ACQUA ALL'ARSENICO: SENTENZA RIVOLUZIONARIA CONDANNA IL MINISTERO DELL'AMBIENTE E DELLA SALUTE A PAGARE 200.000 EURO AI RICORRENTI COSTRETTI A BERE ACQUA AVVELENATA PER LO STRESS E IL DANNO ALLA VITA DI RELAZIONE!!
UN PRINCIPIO RIVOLUZIONARIO CHE APRE LA STRADA AI RISARCIMENTI PER IL DEGRADO URBANO E L'INQUINAMENTO DELL'ARIA IN TUTTE LE GRANDI CITTA'
ORA SI AVVIA UN NUOVO MEGA RICORSO DI UN MILIONE DI UTENTI CHE SOLO NEL LAZIO BEVONO ANCORA ACQUA AVVELENATA E CHE COSTRINGERA' GLI ATO A ABBASSARE LE TARIFFE E CHIEDERA' UN RISARCIMENTO PIU' CONSISTENTE DI ALMENO 1500 EURO A UTENTE
SECONDO IL TAR BERE ACQUA ALL'ARSENICO PUO' PRODURRE TUMORI AL FEGATO, CISTIFELLEA E PELLE E MALATTIE CARDIOVASCOLARI
IL CODACONS DIFFIDA DI URGENZA I MINISTRI DELLA SALUTE E DELL'AMBIENTE A CHIUDERE I RUBINETTI IN TUTTI I COMUNI DOVE IL LIMITE E' SUPERATO
Clamorosa sentenza del TAR del Lazio condanna i ministeri a risarcire gli utenti dell'acqua di varie regioni (Lazio, Toscana, Trentino Alto Adige, Lombardia, Umbria) con almeno 100 euro a cittadino. La sentenza apre una strada di incredibile valore, affermando che fornire servizi insufficienti o difettosi o inquinati determina la responsabilità della pubblica amministrazione per danno alla vita di relazione, stress, rischio di danno alla salute. Ora questa strada sarà percorsa anche per chiedere i danni da inquinamento dell'aria e da degrado sia a Napoli che a Roma e nelle altre grandi città in cui la vivibilità è fortemente pregiudicata dal degrado ambientale.
"Si tratta di una vittoria importantissima - ha dichiarato il presidente del CODACONS Carlo Rienzi - perchè pone termine alla impunità di regioni e ministeri che per non spendere i soldi stanziati o non sapendoli spendere hanno tenuto la popolazione in condizioni di degrado e di rischio di avvelenamento da arsenico.

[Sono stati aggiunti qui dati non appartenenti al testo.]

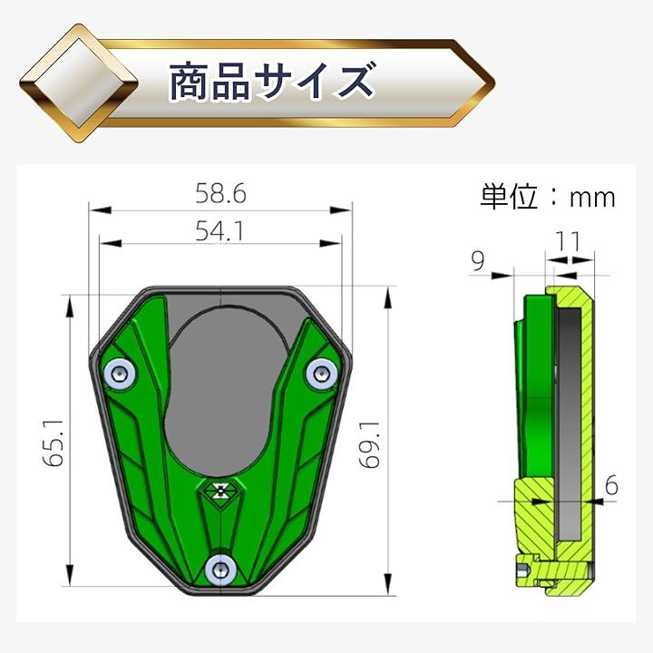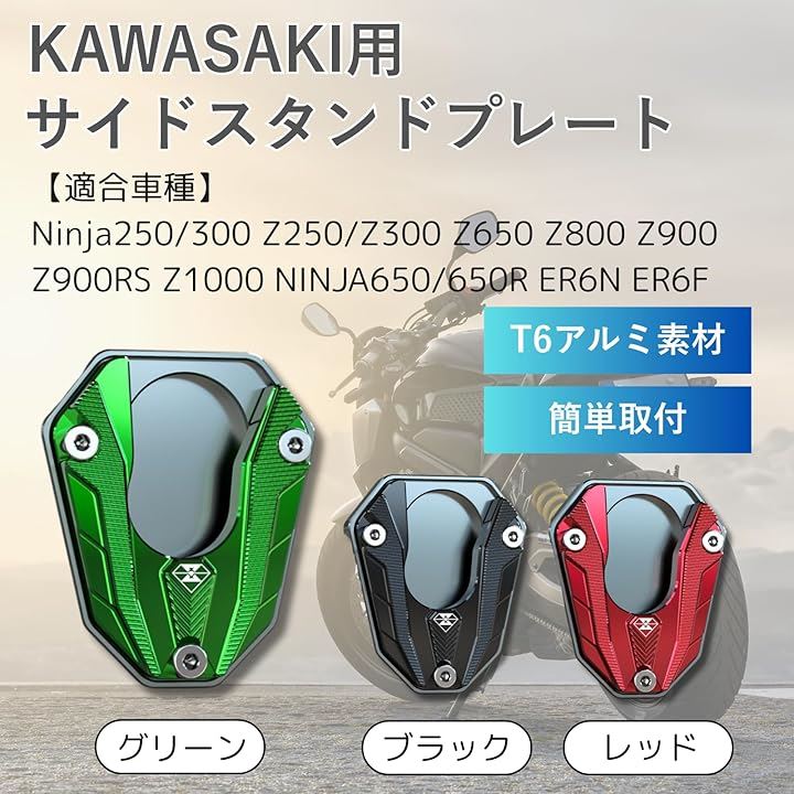 互換品 バイク サイドスタンド プレート アルミニウム製 Kawasaki用 Ninja250/300 Z250/Z300 Z650 Z800 Z900 Z900RS Z1000 NINJA650/650R ER6N ER6F 対応

Ora i singoli presidenti delle regioni e i singoli Ministri dell'Ambiente e della Salute succedutisi negli ultimi anni, quando promettevano all'Europa bonifiche delle falde in cambio di aumento dei limiti di presenza del metallo velenoso nelle acque, dovranno essere perseguiti dalla Corte dei Conti per rimborsare l'erario dei soldi che dovranno risarcire agli utenti'.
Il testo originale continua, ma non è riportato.